Ya get one for each! Sweet, Wes!


----------



## tjd241 (Jan 25, 2004)

*Nice Wes!*

The tube axles look great too! nd


----------



## 1976Cordoba (Sep 20, 2000)

All three are mega, but this one takes the cake:










:thumbsup::thumbsup::thumbsup:


----------



## PD2 (Feb 27, 2003)

Freakin awesome job Wes! Man those are some sharp lookin rods! They look fast standing still! Great job!

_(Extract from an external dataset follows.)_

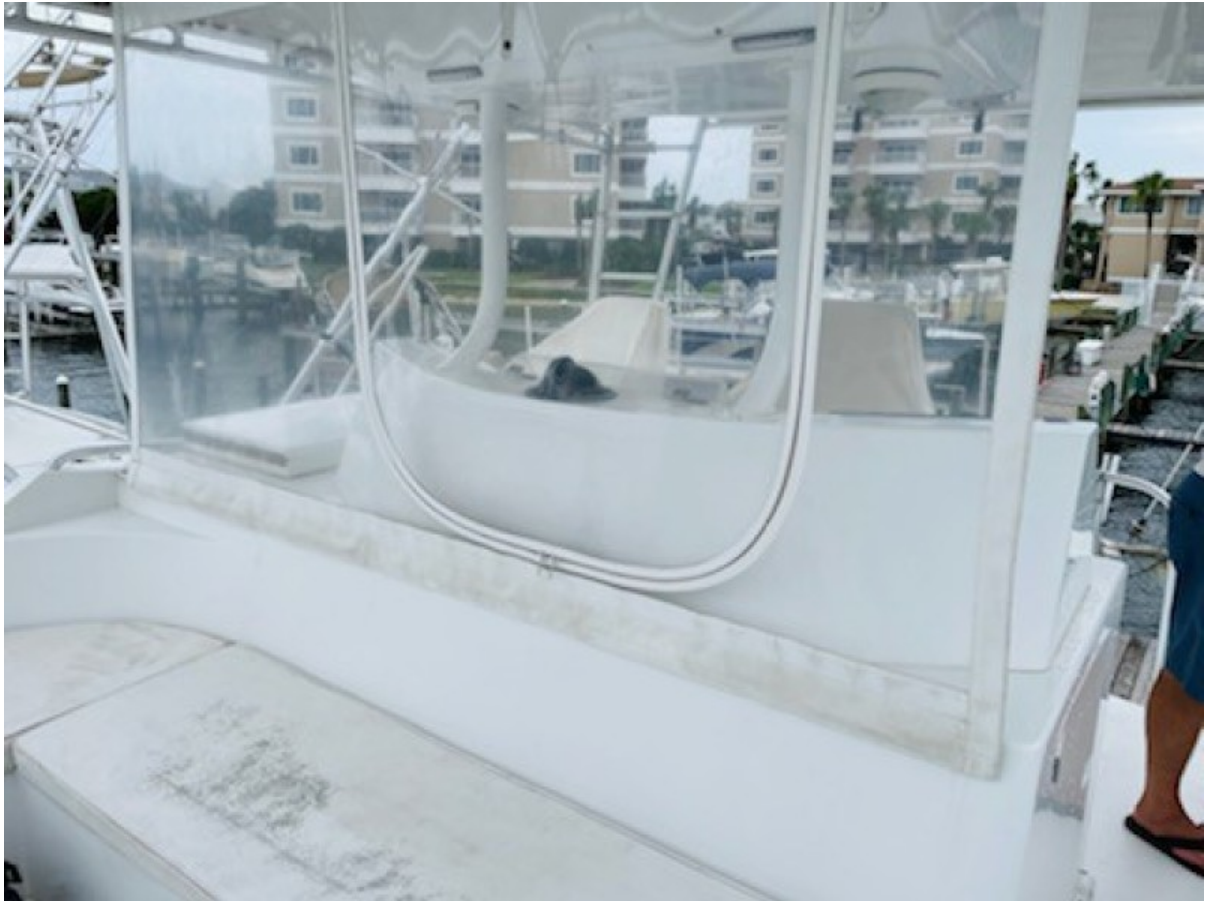
1990 Bertram 50 Convertible (24)

I'd say you year long effort paid off!

PD2:thumbsup:


----------



## GoodwrenchIntim (Feb 22, 2005)

wow those are nice, hope mine turn out half as nice


----------



## slotrod65 (Dec 4, 2005)

Very nice Wes.

Keep those slotrods comin' !

Phred


----------



## gear buster (Dec 1, 2005)

You nailed the rat look perfect Wes. 
Great job on the conversions..


----------



## videojimmy (Jan 12, 2006)

GREAT work Wes... each one a classic!


----------



## Hilltop Raceway (Feb 12, 2006)

Well worth the wait Wes!!! Those Hot Rat Rods look coooooool!!! RM


----------



## slotcarman12078 (Oct 3, 2008)

Nice job Wes!! Nothing like getting a long term project finished!! And you did it X3!! :thumbsup::thumbsup::thumbsup: and an extra :thumbsup: for the third one!! (it has Zilla written all over it) Awesome!! :woohoo:


----------



## krazcustoms (Nov 20, 2003)

All three look awesome!


----------



## sethndaddy (Dec 4, 2004)

Awesome work Wes.


----------



## slotnewbie69 (Dec 3, 2008)

nice rods!love the paint cracking on the roof of bad medicine!nice touch!


----------



## Bill Hall (Jan 6, 2007)

Nifty Wes.

Gotta love the old skool rodz!


----------



## grungerockjeepe (Jan 8, 2007)

Wes, wicked work as always!


----------



## tomhocars (Oct 19, 2005)

Wes,Nice rods.I have the song "Bad Medicine" stuck in my head now. Tom


----------



## WesJY (Mar 4, 2004)

GoodwrenchIntim said:


> wow those are nice, hope mine turn out half as nice


hey goodwrench - try yours on hopper narrow tyco chassis (its a little bit longer than regular narrow chassis - just a idea) i just cannot wait to see yours done!! it ll be awesome!

Wes


----------



## WesJY (Mar 4, 2004)

slotnewbie69 said:


> nice rods!love the paint cracking on the roof of bad medicine!nice touch!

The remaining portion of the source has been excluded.